Kennedy had secured control of 63 Democratic delegate votes, (at least on the first ballot) at the Democratic National Convention. In Washington, D.C., the Democratic primary was held the same day as Indiana's, and Kennedy beat the slates backing Humphrey by 62.5 percent to 37.5 percent. He picked up another 23 convention votes from the District of Columbia. The head of Kennedy's slate, Reverend Channing Phillips and his running mate Mrs. Flaxie Pinkett, became D.C. Democratic National Committee members; the District's Kennedy delegation also included the well-known black militant Colin Carew.

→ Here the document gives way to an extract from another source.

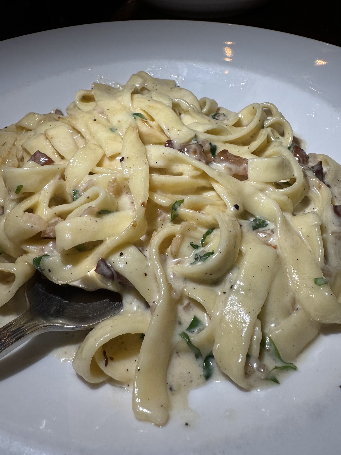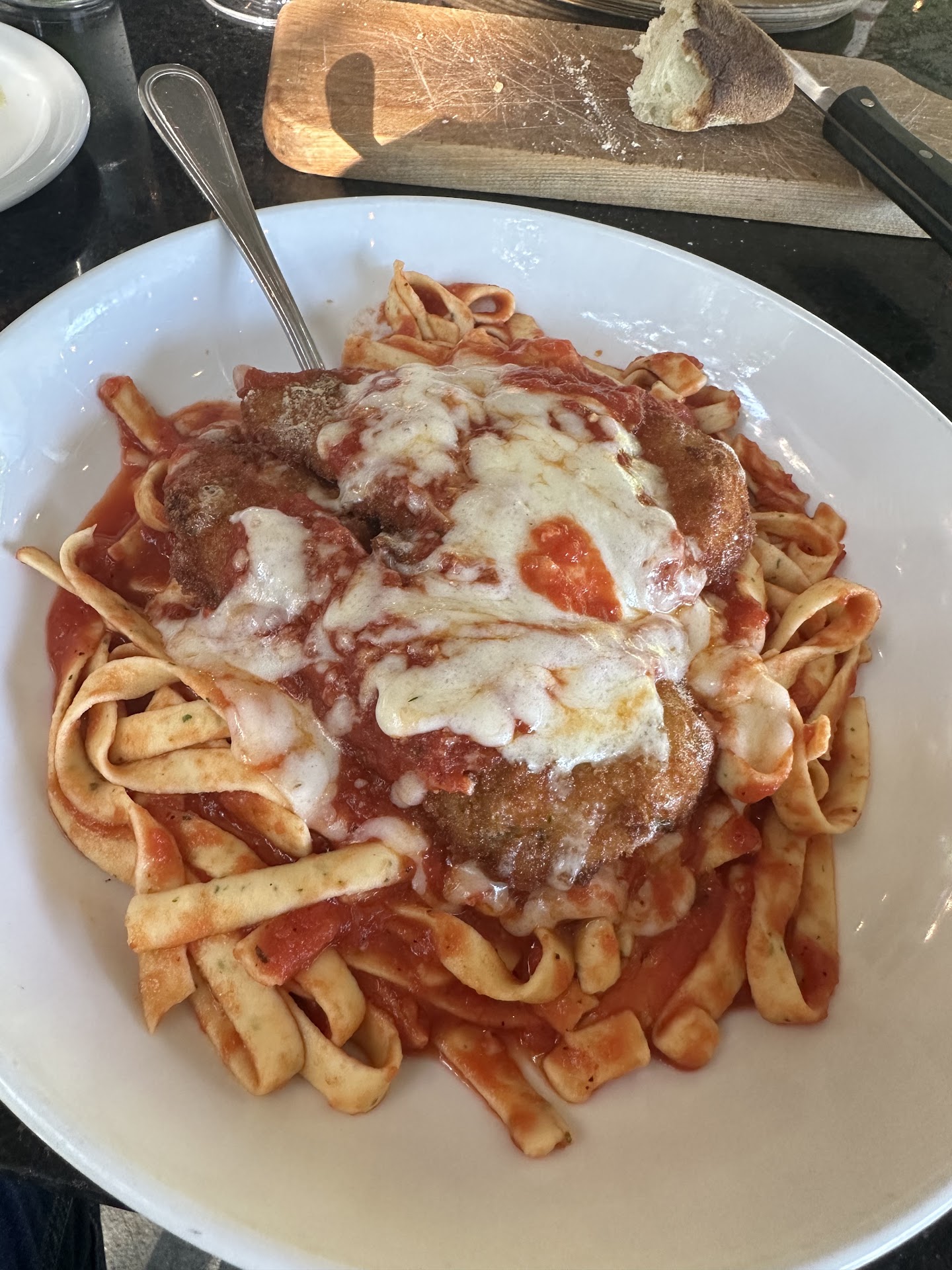 Read moreI really wanted to like this place. Made a reservation several weeks in advance after not being able to get in the year before. Waited 5 minutes at the host(ess) area before being acknowledged. The host who turned out to be our waiter finally came over and pointed us in the direction of our table (next to another table covered in dirty dishes). To his credit the waiter/host was slammed - not sure if they were down a worker - but his running around the restaurant didn’t make for a relaxing atmosphere. Each interaction was curt and he wound up upselling us on “fresh pasta” (+$8) and an Asiago roll (+$5) because we were grateful that he finally came over to our table and we felt rushed. The eggplant rolatini app was excellent. The shrimp scampi mediocre and the pizza was lukewarm and soggy when it made it to us. The grated cheese dispenser brought to our table was nearly empty and no one asked us how our meal was while we were eating. Not sure if it was an off night, but it sadly didn’t live up to our...

In a single day, Kennedy captured 86 delegate votes and the campaign had been put in motion. To Kennedy's chagrin, some of the major newspapers and television networks interpreted his primary victories in Indiana and D.C. as unimpressive and relatively meaningless. Eugene McCarthy, with whom CBS forced Kennedy to share a split-screen interview the night of the election, reinforced these sentiments in the news media by saying it didn't really matter much who came in first, second, or third. (Even forty years ago the news media had deep-seated reactionary tendencies.)
Seeing the difficulties ahead, Kennedy's friend, Anthony Lewis, who was then the chief London correspondent for the New York Times, wrote him after the Indiana victory: "You gave me a hard night. I see very little relief for you in the indefinite future," he wrote in a hand written note. "Perhaps now, as Indiana starts things rolling, you can give the public one thing I think it is lonesome for. That is hope. The United States used to have two very strong characteristics as a nation -- optimism and generosity. That is, we thought we could lick any problem if we put our minds to it, and we certainly were more generous than any other country in the history of the world. Lately it seems to me that we have not only turned in on ourselves in a selfish, ungenerous way -- I am thinking of the protectionist sentiment, as well as personal greed -- but also have dangerously lost our confidence. I still think we have resources and the intelligence and the will to solve our own problems and contribute to the world if we would return to our natural decency and optimism and stop being so sour. An end to the war in Vietnam is of course essential as a first step to permit that revival of faith. But perhaps it is time for you to begin looking beyond that."
After the Democratic vote in Indiana and the District of Columbia, Kennedy had established himself as a viable challenger for the Democratic nomination. But whether or not he could successfully lead a polarized nation, as Lewis pointed out, would depend on his ability to end the Vietnam War and move the country beyond the crises of 1968.
On the evening of his victory in Indiana, Kennedy had a casual conversation with a group of friends and journalists, including David Halberstam and Jack Newfield. "I like Indiana," he said. "The people here were fair to me. They gave me a chance. They listened to me. I could see this face, way in back in the crowd, and he was listening, really listening to me. The people here are not so neurotic and hypocritical as in Washington or New York. They're more direct. I like rural people, who work hard with their hands. There is something healthy about them. . . . I loved the faces here in Indiana, on the farmers, on the steelworkers, on the black kids."